__Exercise instructions__: Each line of the records must appear in your answer exactly, with no pictures.

__Source information__:
►

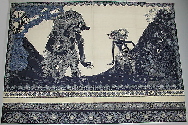 Dyed with deep blues on a pure white background to evoke the effect of a shadow-puppet performance, this textile portrays a scene from the Ramayana and was probably intended as a decorative wall hanging. At right is the monkey warrior Hanuman (known as Anoman in Javanese), who aids the epic’s hero, Rama, in rescuing his kidnapped wife. Anoman, his long tail curling up his back, confronts a giant being named Prahasto. The figures appear against an elaborate background of mountains, trees, and European-influenced images of deer and a snake, completely unlike the plain white screen used for (wayang kulit. This background was likely added to make the textile more appealing to a Western buyer (imagery from Javanese shadow puppetry was popular among Dutch visitors and colonial officials seeking a memento of their time in Indonesia). Produced with cloth manufactured in the Netherlands, decorated in Solo (now the Javanese city of Surakarta), and brought back to Holland, this textile exemplifies the roles that artworks, spices, and other commodities from Indonesia have played in the global economy for centuries.
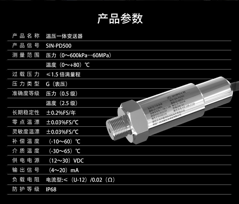 • 聯測_SIN-PD500溫壓一體變送器 水/液體/氣體油
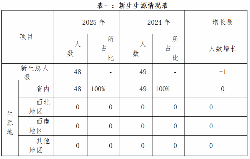 2.招生规模:2025年,学校共录取全日制新生48人,比2024年减少1人。按生源地分,新生生源地为省内:48人。具体情况见下表:
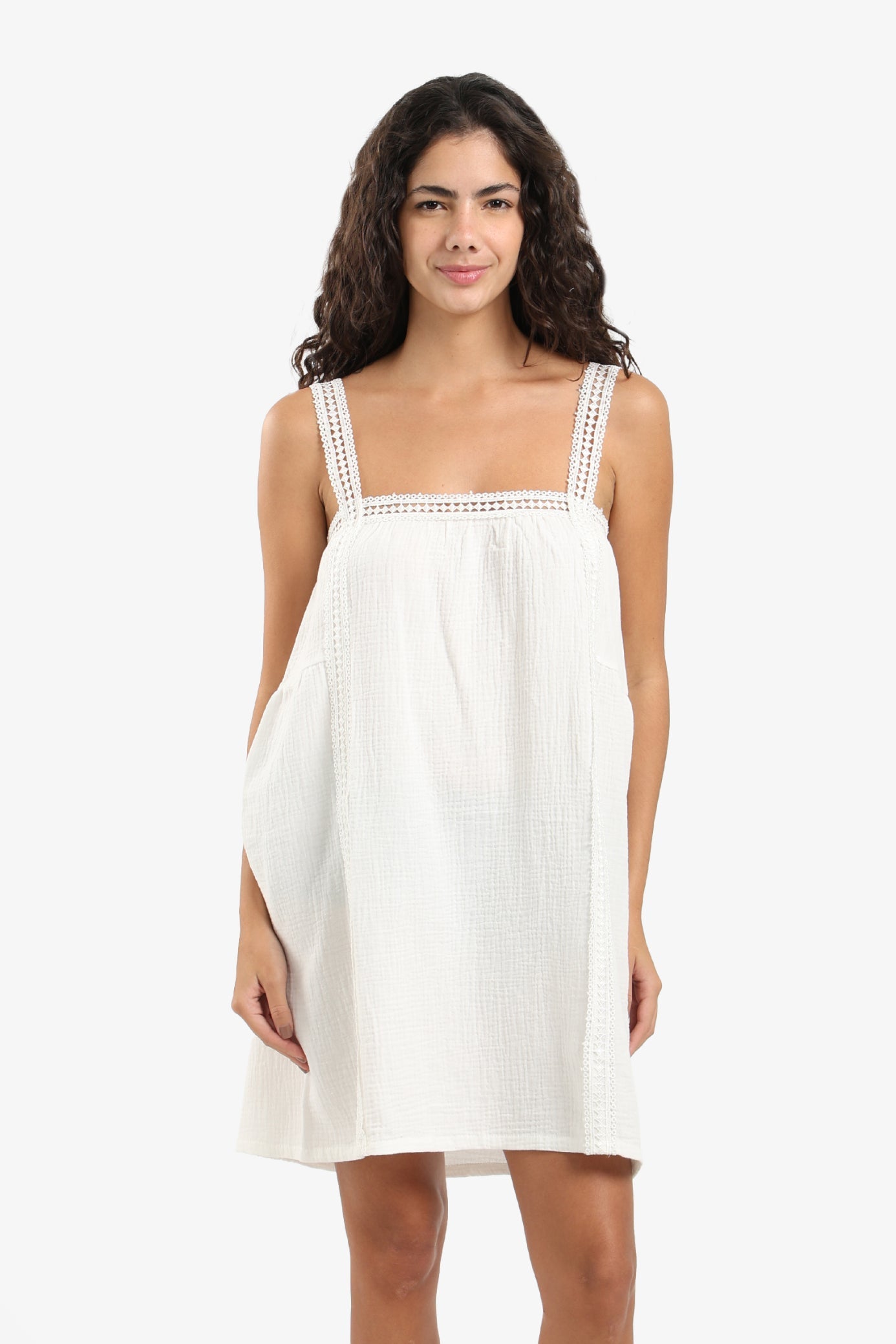 Embrace effortless comfort with this above-knee nightgown, crafted from soft, breathable cotton for a relaxed, all-night wear. Featuring a sleeveless design and a flattering square neckline, it is accentuated with delicate crochet detailing for a subtle, feminine touch. Its solid pattern and relaxed fit make it perfect for lounging at home, combining style and ease in one cozy piece.
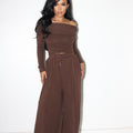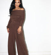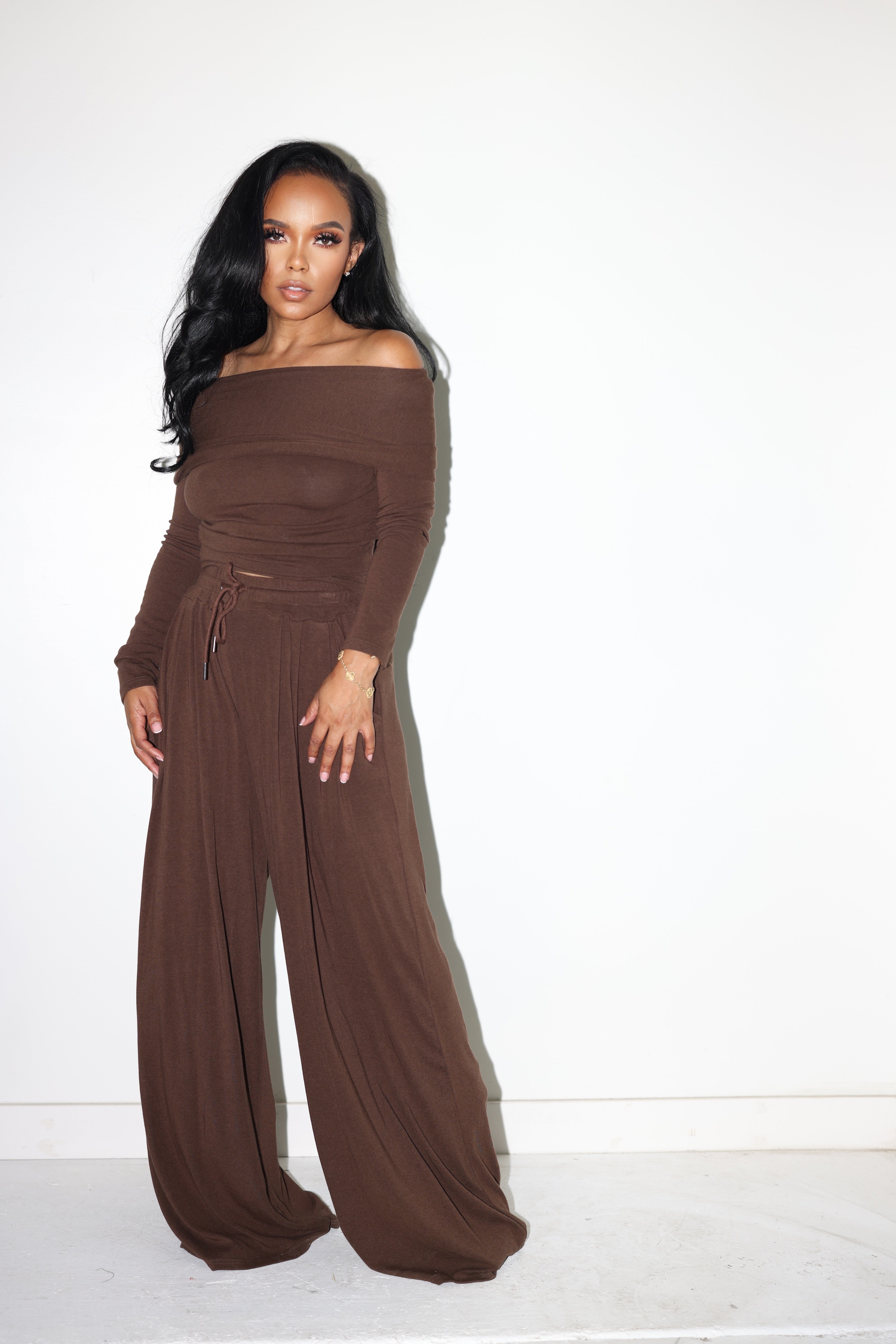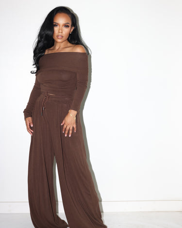 Slip into comfort without sacrificing style. The Effortless Luxe Set is crafted from a soft, breathable knit that drapes beautifully across the body. Featuring an off-the-shoulder long-sleeve top and wide-leg drawstring pants, this set redefines loungewear with an elevated edge.
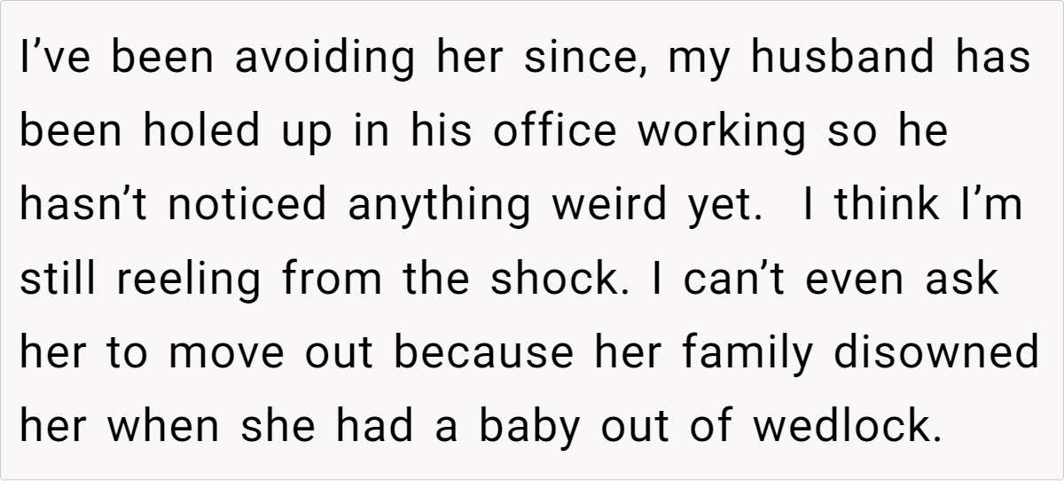 Now, with her living with you for a few more months and her toddler in tow, the situation feels even more inescapable. The pressure of potentially disrupting your household—and making your nephew homeless during a pandemic—only intensifies your inner conflict. You’re caught between protecting your family and dealing with a betrayal that cuts deep.
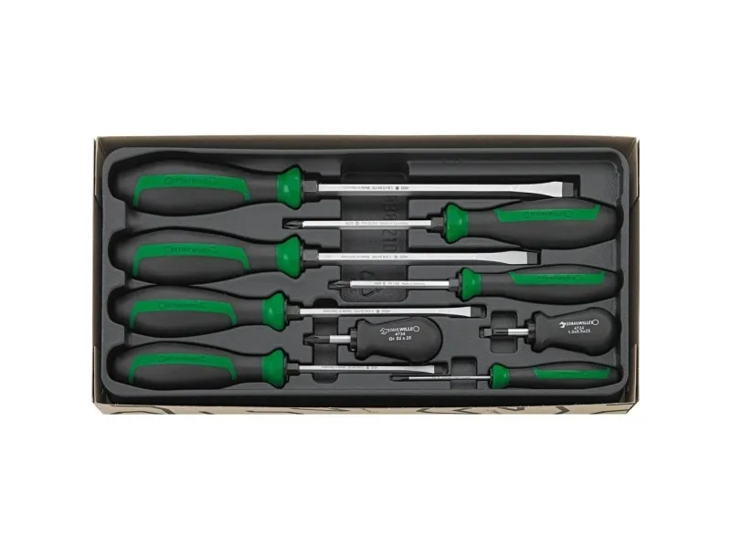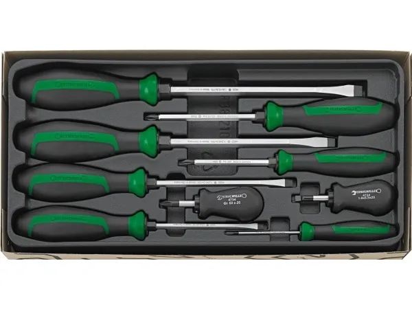 Skruetrækker-sæt DRALL+ Model4693/9 9 stk. - Sort spids - Krom Alloy Steel, matforkromet Indhold 9 dele: 4 krydskærvskruetrækkere: Nr. 4622: 1,0 x 5,5 x 100; 1,2 x 6,5 x 125; 1,2 x 8,0 x 150; 1,6 x 10,0 x 175 mm 1 skruetrækker med lige kærv nr. 4628: 0,4 x 2,5 x 60 mm 2 stjerneskruetrækkere nr. 4632: PH1; PH2 1 skruetrækker med lige kærv nr. 4724: 1,0 x 5,5 x 25 mm 1 krydskærvskruetrækker nr. 4734: PH2
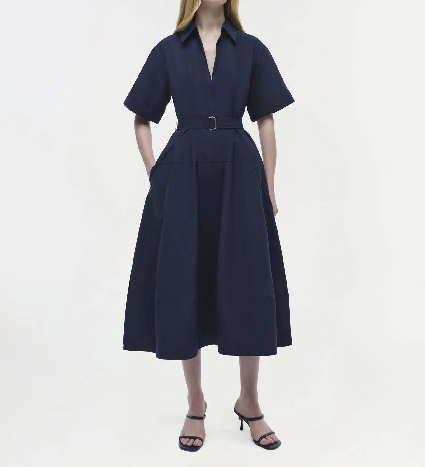 Discover the Deanna Belted Midi Dress by SIMKHAI, a sophisticated choice in midnight blue perfect for fall gatherings. This dress boasts elbow-length sleeves and is crafted from structured cotton faille, composed of 62% cotton and 38% polyamide, offering a timeless silhouette with a defined waist and voluminous skirt. It features an empire waist, side zipper closure, and practical pockets.

◄

__Expected answer__:
 Dyed with deep blues on a pure white background to evoke the effect of a shadow-puppet performance, this textile portrays a scene from the Ramayana and was probably intended as a decorative wall hanging. At right is the monkey warrior Hanuman (known as Anoman in Javanese), who aids the epic’s hero, Rama, in rescuing his kidnapped wife. Anoman, his long tail curling up his back, confronts a giant being named Prahasto. The figures appear against an elaborate background of mountains, trees, and European-influenced images of deer and a snake, completely unlike the plain white screen used for (wayang kulit. This background was likely added to make the textile more appealing to a Western buyer (imagery from Javanese shadow puppetry was popular among Dutch visitors and colonial officials seeking a memento of their time in Indonesia). Produced with cloth manufactured in the Netherlands, decorated in Solo (now the Javanese city of Surakarta), and brought back to Holland, this textile exemplifies the roles that artworks, spices, and other commodities from Indonesia have played in the global economy for centuries.
 • 聯測_SIN-PD500溫壓一體變送器 水/液體/氣體油
 2.招生规模:2025年,学校共录取全日制新生48人,比2024年减少1人。按生源地分,新生生源地为省内:48人。具体情况见下表:
 Embrace effortless comfort with this above-knee nightgown, crafted from soft, breathable cotton for a relaxed, all-night wear. Featuring a sleeveless design and a flattering square neckline, it is accentuated with delicate crochet detailing for a subtle, feminine touch. Its solid pattern and relaxed fit make it perfect for lounging at home, combining style and ease in one cozy piece.
 Slip into comfort without sacrificing style. The Effortless Luxe Set is crafted from a soft, breathable knit that drapes beautifully across the body. Featuring an off-the-shoulder long-sleeve top and wide-leg drawstring pants, this set redefines loungewear with an elevated edge.
 Now, with her living with you for a few more months and her toddler in tow, the situation feels even more inescapable. The pressure of potentially disrupting your household—and making your nephew homeless during a pandemic—only intensifies your inner conflict. You’re caught between protecting your family and dealing with a betrayal that cuts deep.
 Skruetrækker-sæt DRALL+ Model4693/9 9 stk. - Sort spids - Krom Alloy Steel, matforkromet Indhold 9 dele: 4 krydskærvskruetrækkere: Nr. 4622: 1,0 x 5,5 x 100; 1,2 x 6,5 x 125; 1,2 x 8,0 x 150; 1,6 x 10,0 x 175 mm 1 skruetrækker med lige kærv nr. 4628: 0,4 x 2,5 x 60 mm 2 stjerneskruetrækkere nr. 4632: PH1; PH2 1 skruetrækker med lige kærv nr. 4724: 1,0 x 5,5 x 25 mm 1 krydskærvskruetrækker nr. 4734: PH2
 Discover the Deanna Belted Midi Dress by SIMKHAI, a sophisticated choice in midnight blue perfect for fall gatherings. This dress boasts elbow-length sleeves and is crafted from structured cotton faille, composed of 62% cotton and 38% polyamide, offering a timeless silhouette with a defined waist and voluminous skirt. It features an empire waist, side zipper closure, and practical pockets.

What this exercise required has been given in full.